According to the difference in the graphic output between the coding and non-coding regions, the fragment of the base sequence that corresponds to the characteristics of the coding region is identified, which is called a suspected gene fragment, and the specific position of the fragment is identified. Since one base sequence may contain multiple segments of coding regions, a plurality of base segments that conform to the characteristics of the coding region can be found in Fig 4, such as 2000-7000, 16000-20000 and so on.
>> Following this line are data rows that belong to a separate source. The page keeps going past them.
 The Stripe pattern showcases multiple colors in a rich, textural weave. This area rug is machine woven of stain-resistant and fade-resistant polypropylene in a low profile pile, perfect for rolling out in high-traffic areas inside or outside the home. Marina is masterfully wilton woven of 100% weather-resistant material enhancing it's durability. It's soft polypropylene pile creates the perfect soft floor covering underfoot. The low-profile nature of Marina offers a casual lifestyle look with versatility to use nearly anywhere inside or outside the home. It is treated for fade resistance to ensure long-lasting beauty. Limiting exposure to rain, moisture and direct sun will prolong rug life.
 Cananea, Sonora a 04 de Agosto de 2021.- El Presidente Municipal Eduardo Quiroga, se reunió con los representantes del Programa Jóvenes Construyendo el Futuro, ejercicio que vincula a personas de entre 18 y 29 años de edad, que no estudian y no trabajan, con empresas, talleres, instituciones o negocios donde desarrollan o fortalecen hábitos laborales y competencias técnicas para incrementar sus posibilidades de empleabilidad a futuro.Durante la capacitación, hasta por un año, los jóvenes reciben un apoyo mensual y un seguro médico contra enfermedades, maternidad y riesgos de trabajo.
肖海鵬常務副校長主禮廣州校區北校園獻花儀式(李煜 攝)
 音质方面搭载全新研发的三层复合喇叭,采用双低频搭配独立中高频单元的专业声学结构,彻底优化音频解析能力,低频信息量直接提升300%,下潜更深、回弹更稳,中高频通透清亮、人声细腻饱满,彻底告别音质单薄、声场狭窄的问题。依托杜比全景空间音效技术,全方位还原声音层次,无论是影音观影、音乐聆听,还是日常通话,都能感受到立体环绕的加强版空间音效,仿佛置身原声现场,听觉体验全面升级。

Because the number of bases is large, the trend of the real part of the partial TP walk may not be obvious. So, it is possible to cut out the invisible part of the fragment and use the SASR method again to obtain the position of the base fragment that corresponds to the coding region. Based on the position of the suspected gene fragment in No. 21 scaffold, the base sequence is divided using Matlab software to obtain multiple suspected gene fragments. Finally, the obtained suspected gene fragments are compared with the known gene in the NCBI nr database with blastx.

Results

The graphic output of the base sequence fragment, whose position starting from 21000 to 24250 (Simply expressed as 21-21000-24250, and other suspected gene fragments are expressed in the same way) in No. 21 scaffold, meets the characteristics of the coding region (Fig 5). The suspected gene fragment is compared with the known gene in the NCBI nr database using Blast software. The basic information of this sequence alignment please refer to the Table 1, such as the type of molecule, the length of the sequence, the name of the database to be compared, and the program used, etc. And the results of sequence alignment are shown in Fig 6 and Table 2.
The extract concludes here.